The Almanacks of Mary Moody Emerson: A Scholarly Digital Edition  

Ed. Noelle A. Baker and Sandra Harbert Petrulionis

In collaboration with the Brown Women Writers Project 

Here is a link to a demonstration of this digital edition in progress, which displays a twelve-page excerpt from an Almanack folder Mary Moody Emerson kept from approximately April through September 1827. This example is based on the editors’ electronic transcriptions of the holograph manuscript. Here is a link to the twelve page excerpt of the holograph manuscript pages.

Most widely known as the brilliant, unmarried aunt of Ralph Waldo Emerson, Mary Moody Emerson (1774-1863) was a self-educated scholar, theologian, and proto-activist. Her published work includes pseudonymous articles informed by coterie writing and the epistolary essay, but her most significant literary accomplishment is an unpublished series of hand-made manuscript books she called her Almanacks (c. 1804-1855), housed at the Houghton Library at Harvard University and previously unavailable to general readers.  

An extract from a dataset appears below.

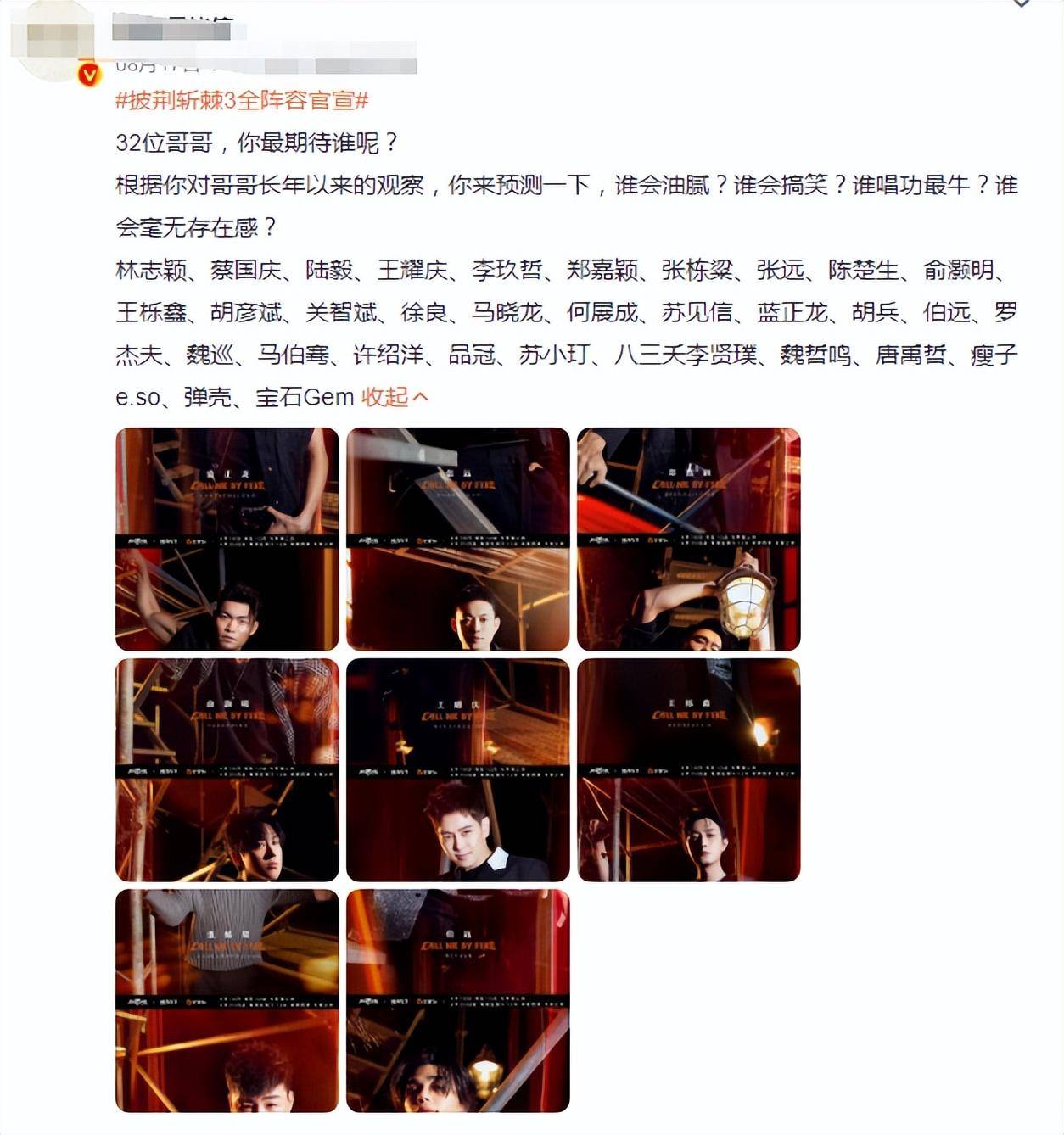 等到节目组放出了参赛名单,大家这才知道MV里都有谁在COS“盲人”了。

Illustrating multiple strategies of self-cultivation, Emerson’s Almanacks contribute significantly to women’s intellectual history; document the extent to which early American women embraced transatlantic culture; and evidence the ways in which Emerson anticipates signal aspects of Transcendentalism, the antebellum movement for which her nephew is considered the primary spokesman. Our edition will recover this unique text for scholars and students of both women’s writing and Transcendentalism. It will demonstrate that eighteenth-century women anticipated a wider audience for their “private” writing than that of immediate family and friends; it will also illustrate specific examples of the modes of intellectual transmission between Mary and Waldo Emerson, and, further, it will establish pivotal “originating moments” in the history of women’s rights. 
 
This project will provide a scholarly digital edition of the complete text hosted by the Brown Women Writers Project in its collections of Early Modern Women's writings and will make available all extant Almanack manuscripts in chronological order and in searchable format. The markup follows Textual Encoding Initiative (TEI) Guidelines for XML encoding of the text. We plan a phased-in implementation, with phase one providing a complete, clear text transcription searchable by keywords, and all editorial apparatus encoded (i.e., textual notes, emendations, physical condition of manuscript, annotations, scribal witness transcriptions of irrecoverable text). 
 

bMS Am 1280.235 (385). Ralph Waldo Emerson Memorial Association deposit, Houghton Library, Harvard University. Not to be reproduced in whole or in part without permission.